At its June meeting, the Joint Commission Board of Commissioners approved revisions to Standard MS.1.20, which addresses medical staff bylaws, rules and regulations, and policies. These revisions were written with the intent of supporting and reinforcing a productive working relationship between the organized medical staff and the governing body – consistent with the requirements of the new Leadership Chapter – while minimizing disruptions to the hospital, including its medical staff. All of the requirements in Standard MS.1.20 must be jointly approved by the organized medical staff (or the medical staff executive committee, if so delegated by the organized medical staff) and the governing body.
The main revisions to Standard MS.1.20 are as follows:
- The Introduction was revised to include a discussion of the relationship between the organized medical staff and the medical staff executive committee, and the definitions of “process” and “procedural detail.”
- A note was added referring the organization to Standard LD.2.40 for guidance on managing conflict that might arise concerning the medical staff bylaws, rules and regulations, and policies.
- A note was added to explain the revised structure of the standard.
- Lead-in sentences to groups of EPs were added to clearly delineate what must be in the medical staff bylaws, and what must be either in the bylaws, or in rules and regulations or policies.
- Two new EPs were added to align the standard with the Centers for Medicare and Medicaid Services’ requirements regarding medical staff bylaws.
- An EP was added to underscore the organized medical staff’s ability to propose medical staff bylaws, rules and regulations, and policies directly to the governing body.
- A requirement was added that the medical staff bylaws must indicate the authority delegated to the medical staff executive committee by the organized medical staff to act on its behalf, and how that authority is delegated and removed.
The revised standard seeks to resolve several important issues. First, it addresses situations in which a medical staff believes that its medical staff executive committee is not representing its views on issues of patient safety and quality of care. The revised standard now states that the medical staff bylaws must indicate what authority the medical staff has delegated to the medical staff executive committee, and how that authority is delegated and removed. Also, the revised standard now states that the medical staff has the ability to adopt medical staff bylaws, rules and regulations, and policies and propose them directly to the governing body, even if the subject matter had been delegated to the medical staff executive committee. While the revised standard does not state what a medical staff should do if it does not agree with an action taken by its medical staff executive committee, the Introduction to the standard urges the medical staff to consider in advance what action it would take if such a situation occurred.
The revised standard also seeks to allow for an efficient process, for the hospital and its medical staff, for creating and maintaining medical staff bylaws, rules and regulations, and policies. To do this, the standard indicates what must appear in the medical staff bylaws, and what must appear either in the bylaws, or in rules and regulations or policies. The requirements in Elements of Performance (EPs) 9 through 33 must appear in the medical staff bylaws. However, the procedural details associated with the processes listed in EPs 26 through 33 must appear either in the medical staff bylaws, or in rules and regulations or policies (see text of standard below). The organized medical staff may, if it desires, delegate to its medical staff executive committee approval of the procedural details associated with the processes listed in EPs 26 through 33, when these procedural details are placed in rules and regulations or policies.

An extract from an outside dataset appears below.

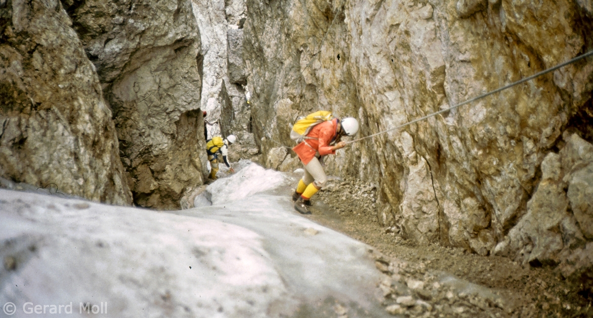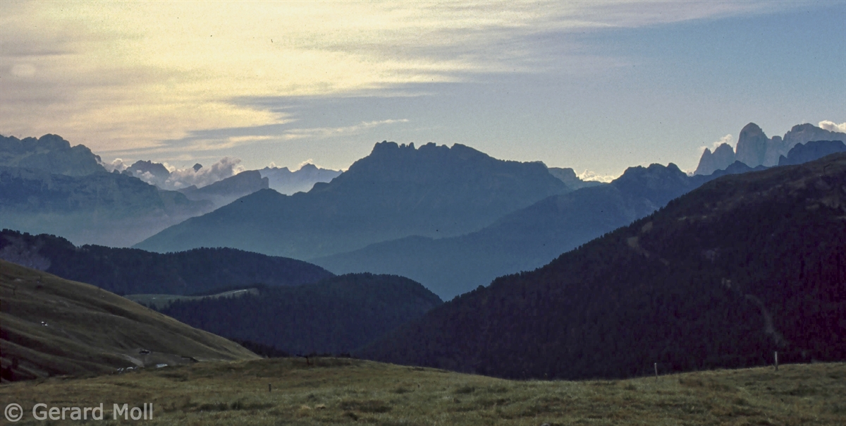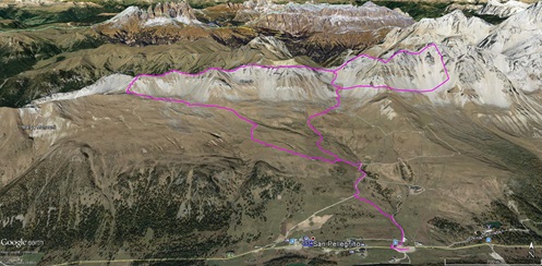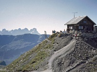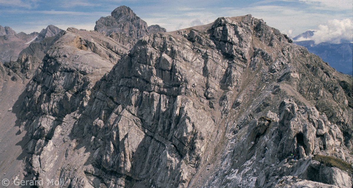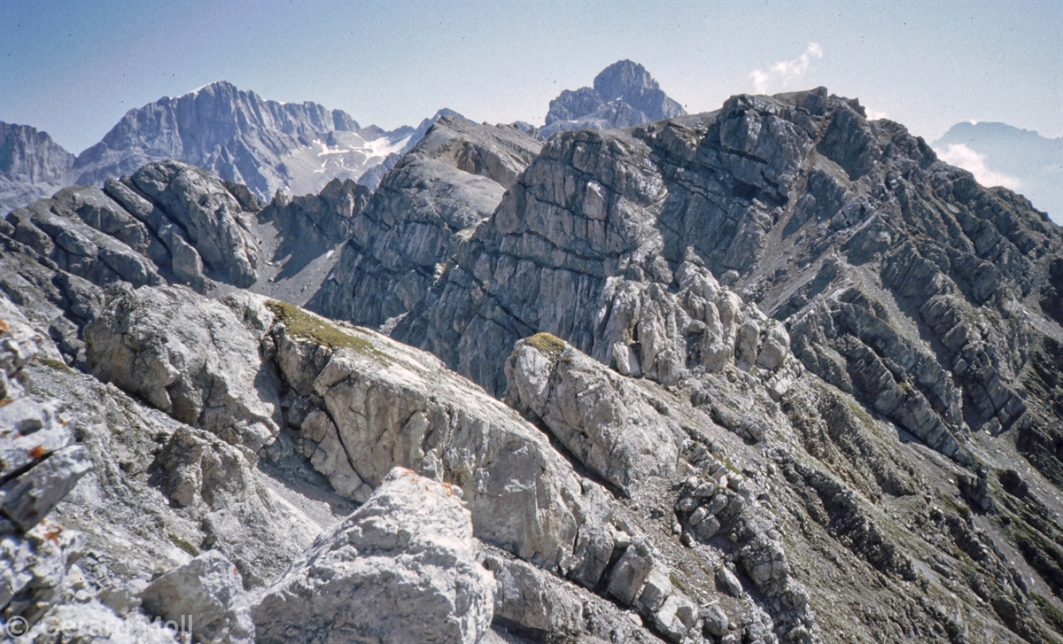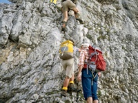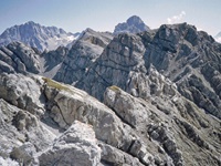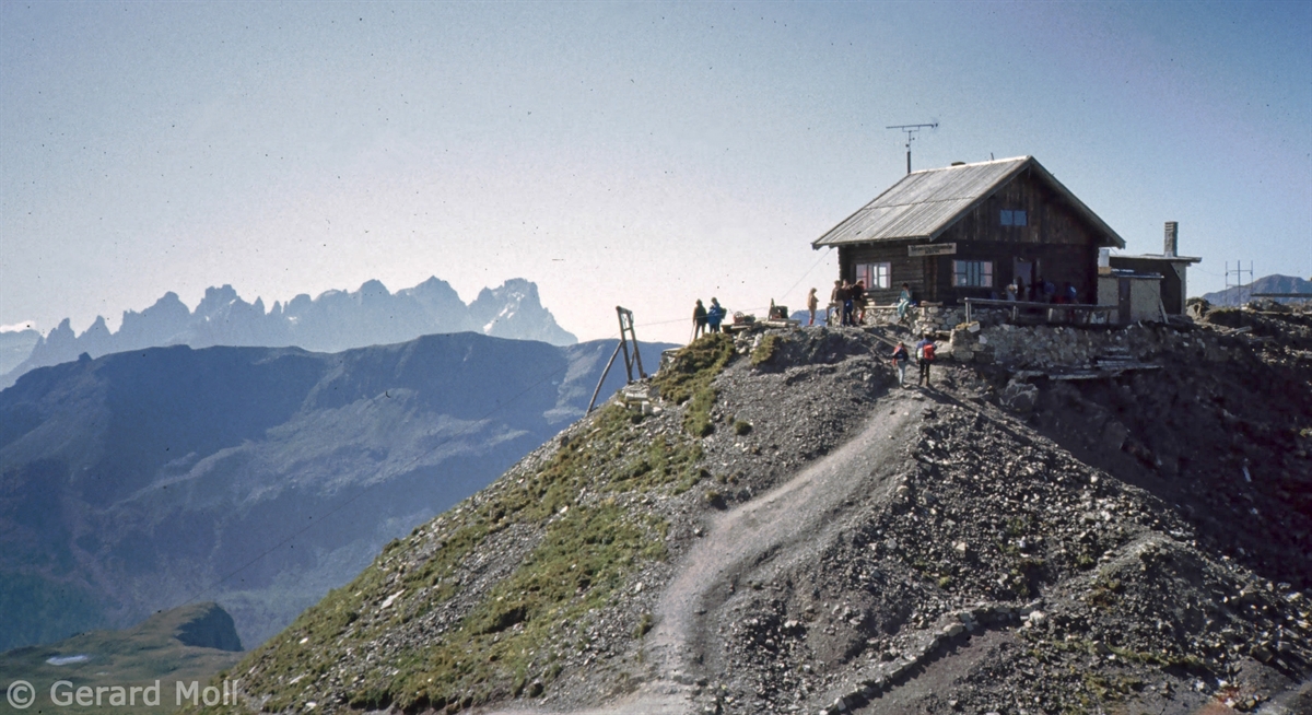 Vom Pellegrinopass (1907 m) steigen wir durch Wiesen zum Rifugio Passo delle Selle (2528 m). Hier beginnt die gesicherte Alta Via Beppi Zac, die uns auf gesicherten, alten Kriegsteigen über den Costabellakamm führt. Bei unserer Begehung gab es noch den Klettersteig zur Cima dell Uomo (3010 m), der aber später wegen zu grosser Steinschlaggefahr abgebaut wurde.

To understand these requirements, the difference between “process” and “procedural detail” needs to be explained. A process is a series of steps taken to accomplish a goal. A procedural detail describes in detail how each step in the process is to be carried out. For example, the process for credentialing licensed independent practitioners (see EP 26) can be stated in several steps such as collecting information on a physician, evaluating the information, and making a decision about the information. That process will be contained in the medical staff bylaws. The procedural details associated with this process might include who collects the information, how files are kept, what organizations need to be contacted to collect all the necessary information, etc. For EPs 26 through 33, the medical staff decides whether such procedural details will be retained in the medical staff bylaws (which must be approved by the entire organized medical staff), or in rules and regulations or policies (whose approval may be delegated to the medical staff executive committee).
Revised Standard MS.1.20 becomes effective July 1, 2009. The Joint Commission is allowing two years for the field to make any changes to medical staff bylaws that may be necessary to bring organizations into compliance with the revised standard. In the meantime, the current version of Standard MS.1.20 will be in effect.
STANDARD MS.1.20
Effective July 1, 2009
Introduction for Standard MS.1.20 (CAH, HAP)
The (HAP: organized) medical staff and the governing body work together, reflecting clearly recognized roles, responsibilities, and accountabilities, to enhance the quality and safety of care, treatment, and services provided to patients. To support this work, the (HAP: organized) medical staff creates a written set of documents that describes the organizational structure of the medical staff and the rules for its self-governance. These documents are called medical staff bylaws. The medical staff bylaws create a system of rights, responsibilities, and accountabilities between the (HAP: organized) medical staff and the governing body, and between the (HAP: organized) medical staff and the medical staff members.
In addition to the medical staff bylaws, the (HAP: organized) medical staff may create other medical staff governance documents such as rules and regulations and policies. In doing so, the (HAP: organized) medical staff may recommend that the procedural details of those requirements listed in Elements of Performance 26-33 of this standard be retained in the medical staff bylaws, or in rules and regulations or policies, in accordance with applicable law and regulation.
In developing its bylaws, the (HAP: organized) medical staff may include within the scope of responsibilities of the medical staff executive committee the authority to adopt, on the behalf of the entire (HAP: organized) medical staff, any procedural details associated with Elements of Performance 26-33 appearing in rules and regulations or policies. The (HAP: organized) medical staff can also propose medical staff bylaws, rules and regulations, and policies, and amendments thereto, directly to the governing body.
When approval of procedural details associated with Elements of Performance 26-33 appearing in rules and regulations or policies is delegated to the medical staff executive committee, it is to represent to the governing body the organized medical staff’s views on issues of patient safety and quality of care. The organized medical staff can take action to revise the authority it has delegated to the medical staff executive committee to act on its behalf. The organized medical staff is urged to determine what steps it will take if it does not agree with an action taken by the medical staff executive committee. Such steps might include a process that would allow the organized medical staff, at its discretion, to extract and consider an action by the medical staff executive committee prior to the action becoming effective.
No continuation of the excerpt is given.